THE OLD OWL

       That morning the woods were cold and covered in grains of ice; these grains were giving off steam, as they were trying to turn into water as quickly as they could.

        An old owl was quickly toddling home to his den after having hooted all night. It was still dark and he was carrying a lantern.

       “I really have got old, oh for my youth, how time flies! Life doesn’t even give you time to build a nest like you want! Well…it went like it went and it’s no use complaining. Oh, all the things that I’ve seen and done…brr…brrrr…It’s freezing. Come, come now my old man, I’m old now, I’ve made it. Don’t make a fuss:

just count the years you have left and shut up.” This is what the old owl mumbled.

       Suddenly two big teardrops rolled from his eyes, as his little brain was stacked-high with images of all his friends who had died young, killed by hunters. He picked a dried leaf off the ground and wiped his eyes. He didn’t blow his nose, so this was how he heard the wailing of a small great tit just there by. He quickly ran and spotted it.

       The great tit was shaking all over, standing among piles of broken dried eggs. The old owl laid the lantern on the ground and wrapped his wings around the little creature. Then he fixed his eyes on the greenery of the tree and spotted the nest: “The cuckoo! He was born a cuckoo and you were born a great tit. You a great tit, him a cuckoo. What a lot of cuckoos…there are in this wood! And…I’m an owl, and then there are the foxes and wolves and rabbits and frogs and geese… a bit of everything, a bit of everything! Oh I’m forgetting, I’m forgetting the hunters!”

       He grasped the lantern with his beak and started to totter off. The old owl looked up at the sky and said: “See? You see? There are no more stars in the sky: they come out at night and go to bed during the day. I wonder, I really wonder what the stars’ beds are like!”

       The great tit was cold and trembled, keeping her eyes shut as the lantern’s rays were strange and frightened her. “Don’t be scared, don’t be scared: the lantern’s rays are good.”

       The owl got home to his den and quickly shut himself inside.

        He placed the lantern in a corner and lovingly laid down the titmouse on the straw mattress. The owl then left the den to catch worms here and there, then patiently cut them into small pieces with his beak and fed them to the little bird.

       The great tit ate, warmed herself up and fell asleep. The old owl caressed the bird for a long, long time.

       The old owl had never had a son, as his owl wife had never been able to lay eggs: who knows, maybe she had had an illness. Only once had she laid an egg, but in the end all that had come

out of it was a fly.

       The old owl put his head in his wings. Who knows what he was thinking about, maybe it really was about the egg with the fly. Why, that day there had been a procession in his den, and many were the inquisitive birds that turned up. Some had even thought that the devil had been in the egg, and that he had turned himself into a fly in order to buzz away.

       The days went by and the great tit was recovering well, what with all the worms she was eating!

       Meanwhile the old owl spent whole days perched on a big branch outside his den, scratching his head, thinking and reasoning: it wouldn’t be long before the titmouse grew up and flew away. She couldn’t stay there; what was she doing with an old owl?
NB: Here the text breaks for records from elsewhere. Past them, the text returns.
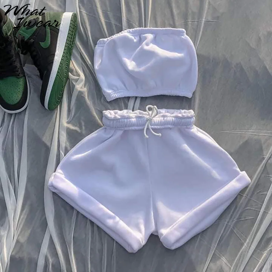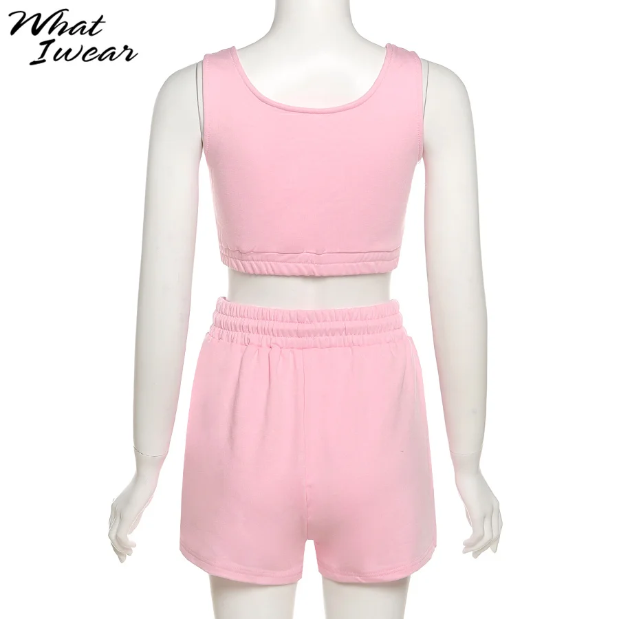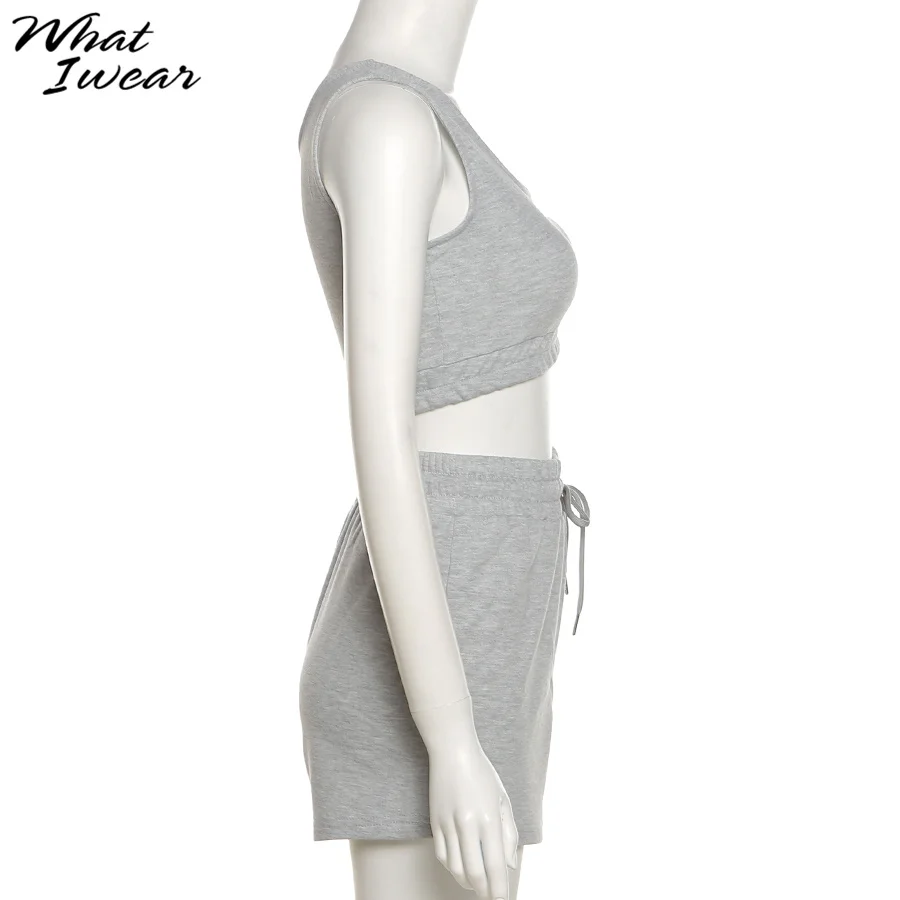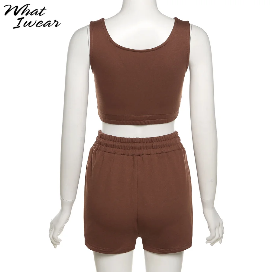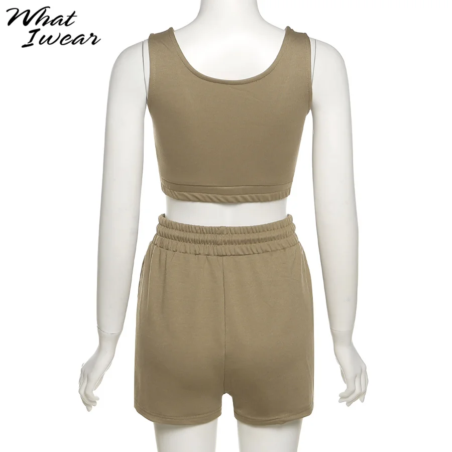 Комплект одежды Whatiwear Женский Повседневный из двух предметов, однотонный жилет и шорты на кулиске, спортивный костюм для отдыха, лето 2021
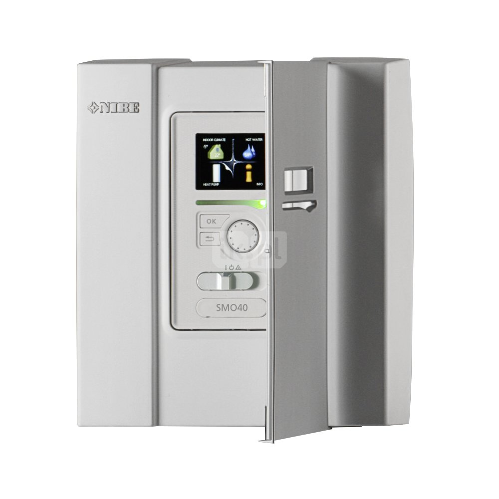 Zaawansowany moduł sterujący NIBE umożliwiający sterowanie ogrzewaniem, chłodzeniem, produkcja c.w.u. i wentylacja, Wbudowana karta rozszerzeń pozwala na sterowanie drugim obiegiem grzewczym, szczytowym źródłem ciepła, cyrkulacja c.w.u. lub praca pomp w k
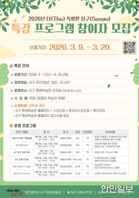 한민일보 서울포커스 임경복 기자 | 대전 서구 평생학습원은 ‘2026년 봄학기 더(The) 특별한 서구(seogu)’특강 참여자를 모집한다고 9일 밝혔다.
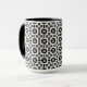 A sophisticated black arabesque geometric pattern featuring symmetrical ornamental details.
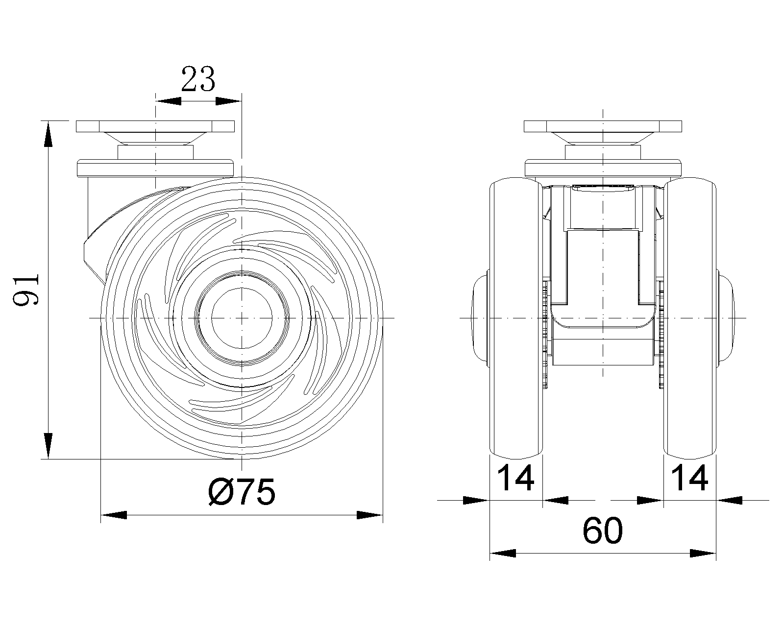 | Resolute Rubber wheel (all black) Wheel Diameter x Wheel Width 75 x 14mm |
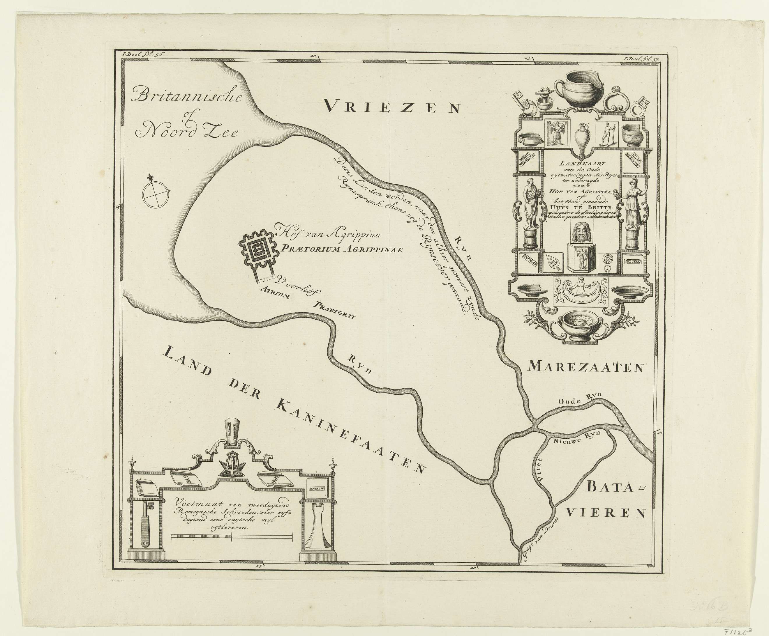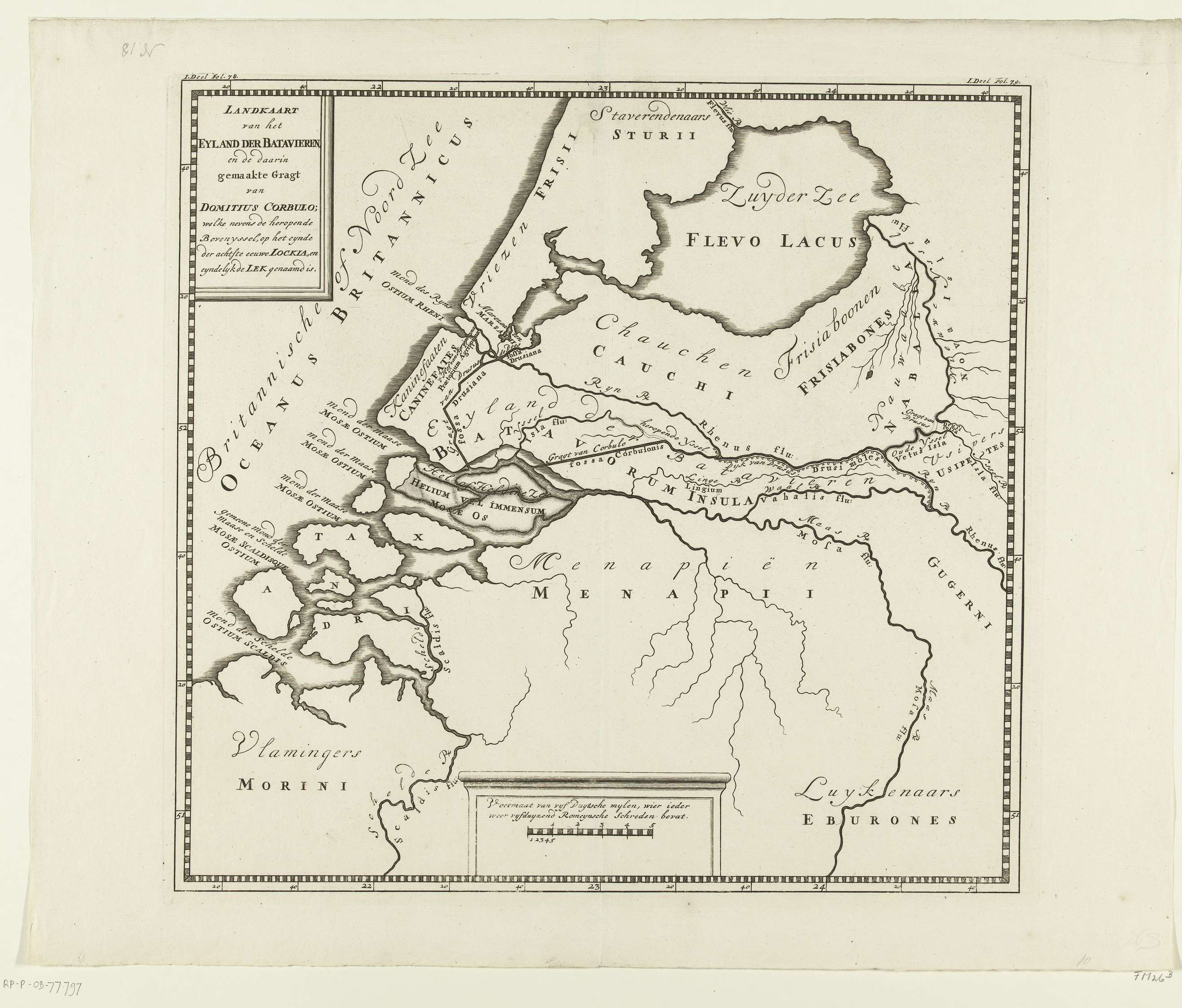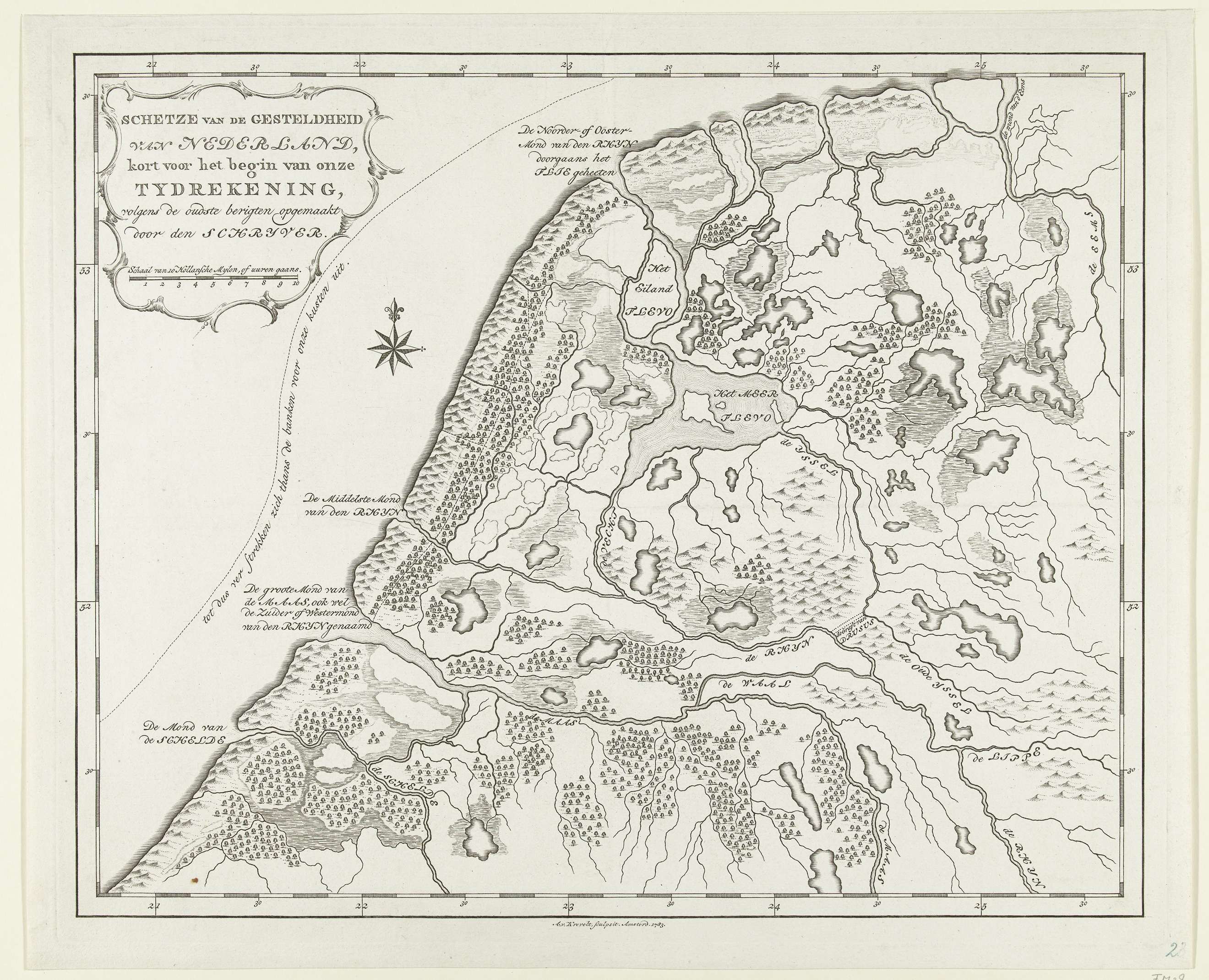 Historische kaart van de monding van de Rijn en het ...
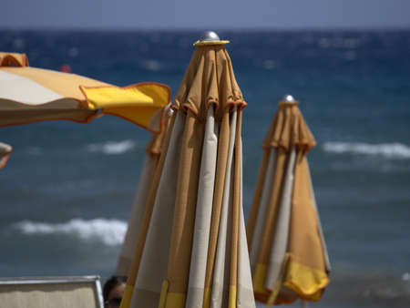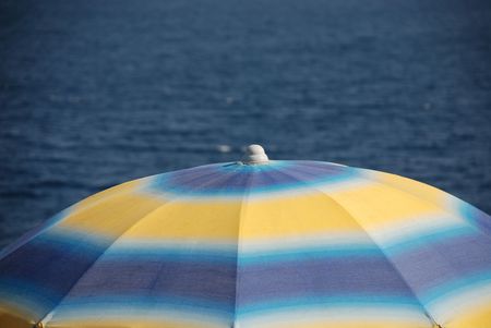 Colorful parasol at island of Krk in Croatia with blue Adriatic sea in background, selective focus
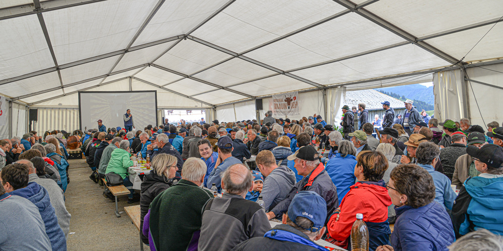 Am Sonntag, 3. August 2025 fand auf der Alp Rona in Furna im Prättigau der Alpanlass von Braunvieh bi dä Lüüt statt. Über 400 Besucherinnen und Besucher genossen einen eindrucksvollen Alptag bei kühlem, aber trockenem Wetter.
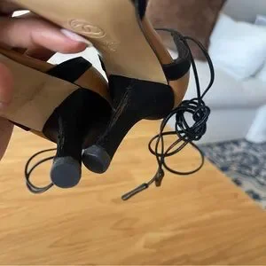 Ahh, finding unique shoes of the past is always a treat. 🙂 These Chanel shoes are striking and have a lace up detail. Every time I wore these, I got so many compliments!! Please see the detailed photos of the heels as it might require some stitching repair.
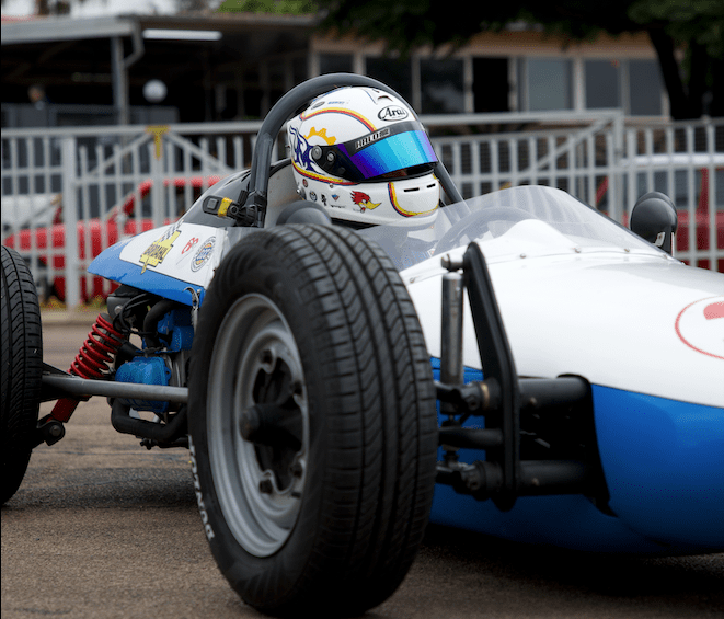 Short video with some slow motion and trendy audio, showing the driver, just before the race starts.
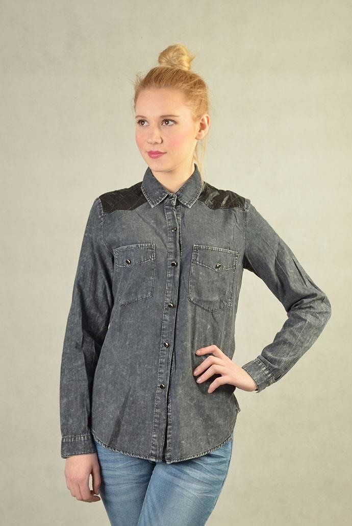 Koszula jeansowa, zapinana na guziki, na rękawach skóra ekologiczna.
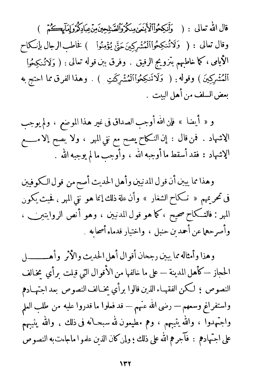 قَالَ اللَّهُ تَعَالَى: {وَأَنْكِحُوا الْأَيَامَى مِنْكُمْ وَالصَّالِحِينَ مِنْ عِبَادِكُمْ وَإِمَائِكُمْ} وَقَالَ تَعَالَى: {وَلَا تُنْكِحُوا الْمُشْرِكِينَ حَتَّى يُؤْمِنُوا} فَخَاطَبَ الرِّجَالَ بِإِنْكَاحِ الْأَيَامَى كَمَا خَاطَبَهُمْ بِتَزْوِيجِ الرَّقِيقِ. وَفَرْقٌ بَيْنَ قَوْله تَعَالَى {وَلَا تُنْكِحُوا الْمُشْرِكِينَ} وَقَوْلِهِ: {وَلَا تَنْكِحُوا الْمُشْرِكَاتِ} . وَهَذَا الْفَرْقُ مِمَّا احْتَجَّ بِهِ بَعْضُ السَّلَفِ مِنْ أَهْلِ الْبَيْتِ. و " أَيْضًا " فَإِنَّ اللَّهَ أَوْجَبَ الصَّدَاقَ فِي غَيْرِ هَذَا الْمَوْضِعِ وَلَمْ يُوجِبْ الْإِشْهَادَ. فَمَنْ قَالَ: إنَّ النِّكَاحَ يَصِحُّ مَعَ نَفْيِ الْمَهْرِ وَلَا يَصِحُّ إلَّا مَعَ الْإِشْهَادِ: فَقَدْ أَسْقَطَ مَا أَوْجَبَهُ اللَّهُ وَأَوْجَبَ مَا لَمْ يُوجِبْهُ اللَّهُ. وَهَذَا مِمَّا يُبَيِّنُ أَنَّ قَوْلَ الْمَدَنِيِّينَ وَأَهْلِ الْحَدِيثِ أَصَحُّ مِنْ قَوْلِ الْكُوفِيِّينَ فِي تَحْرِيمِهِمْ " نِكَاحَ الشِّغَارِ " وَأَنَّ عِلَّةَ ذَلِكَ إنَّمَا هُوَ نَفْيُ الْمَهْرِ فَحَيْثُ يَكُونُ الْمَهْرُ: فَالنِّكَاحُ صَحِيحٌ كَمَا هُوَ قَوْلُ الْمَدَنِيِّينَ وَهُوَ أَنَصّ الرِّوَايَتَيْنِ وَأَصْرَحُهُمَا عَنْ أَحْمَد بْنِ حَنْبَلٍ وَاخْتِيَارُ قُدَمَاءِ أَصْحَابِهِ. وَهَذَا وَأَمْثَالُهُ مِمَّا يُبَيِّنُ رُجْحَانَ أَقْوَالِ أَهْلِ الْحَدِيثِ وَالْأَثَرِ وَأَهْلِ الْحِجَازِ - كَأَهْلِ الْمَدِينَةِ - عَلَى مَا خَالَفَهَا مِنْ الْأَقْوَالِ الَّتِي قِيلَتْ بِرَأْيٍ يُخَالِفُ النُّصُوصَ؛ لَكِنَّ الْفُقَهَاءَ الَّذِينَ قَالُوا بِرَأْيٍ يُخَالِفُ النُّصُوصَ بَعْدَ اجْتِهَادِهِمْ وَاسْتِفْرَاغِ وُسْعِهِمْ - رَضِيَ اللَّهُ عَنْهُمْ - قَدْ فَعَلُوا مَا قَدَرُوا عَلَيْهِ مِنْ طَلَبِ الْعِلْمِ وَاجْتَهَدُوا وَاَللَّهُ يُثِيبُهُمْ وَهُمْ مُطِيعُونَ لِلَّهِ سُبْحَانَهُ فِي ذَلِكَ وَاَللَّهُ يُثِيبُهُمْ عَلَى اجْتِهَادِهِمْ: فَآجَرَهُمْ اللَّهُ عَلَى ذَلِكَ؛ وَإِنْ كَانَ الَّذِينَ عَلِمُوا مَا جَاءَتْ بِهِ النُّصُوصُ
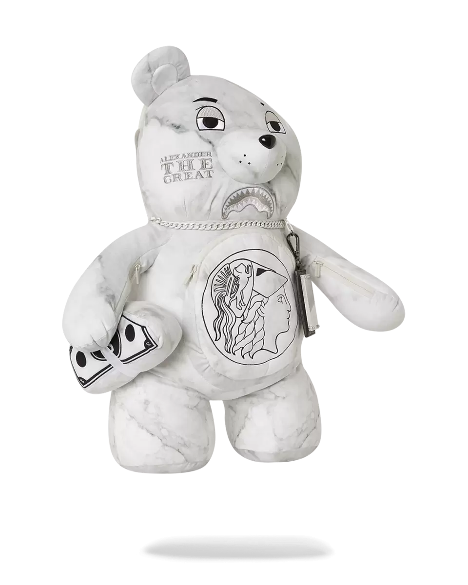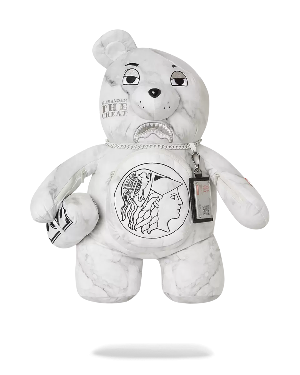 Il nostro esclusivo zaino Money Bear si rinnova in stile Met grazie a Sprayground. Evocando un’antica scultura, questo zaino a forma di orso presenta l’immagine di una moneta macedone (336-323 a.C.) coniata in nome di Alessandro Magno e ora nella collezione d’arte greca e romana del Museo. La moneta d’oro originale presenta la testa di Atena su un lato e di Nike sull’altro, entrambe dee associate alla vittoria in guerra.

       The old owl wanted the great tit to fly away in the end. It was only right, it was the law of the woods. But he didn’t want…how could he? That was the law of the woods as well.

       She was a titmouse, and she would have to brood the cuckoo’s egg unawares with her own. Her children would end up the same way, thrown down from the nest by the cuckoo. She would then bring up a cuckoo, mistaking it for one of her own children, just like her mother had before her.

       What was she doing with an old owl? Who knows, maybe he could be her nest-watchman! Or even drive the cuckoo away! Oh if only…he knew which was the cuckoo egg, so he could throw it down before it hatched and…

       The old owl’s little whitish head, with its frolicsome twinkling eyes looked as if it was smoking.

        He understood, he understood that it would have been pointless to tell the great tit everything, to tell her her story in the hope that she…but she was born a titmouse! She was a titmouse, and then there was the cuckoo!

       Then he thought that there weren’t many old owls like him, and that…but, enough! These were the woods!

       The titmouse ate such a lot of food; she was crazy for chopped worms…but the day came when the law of the woods

took her away and the old owl never wanted to tell her her story: for she was a great tit!

       And when he saw her on the wing for the last time, he wished that all that ever hatched from cuckoo’s eggs were flies.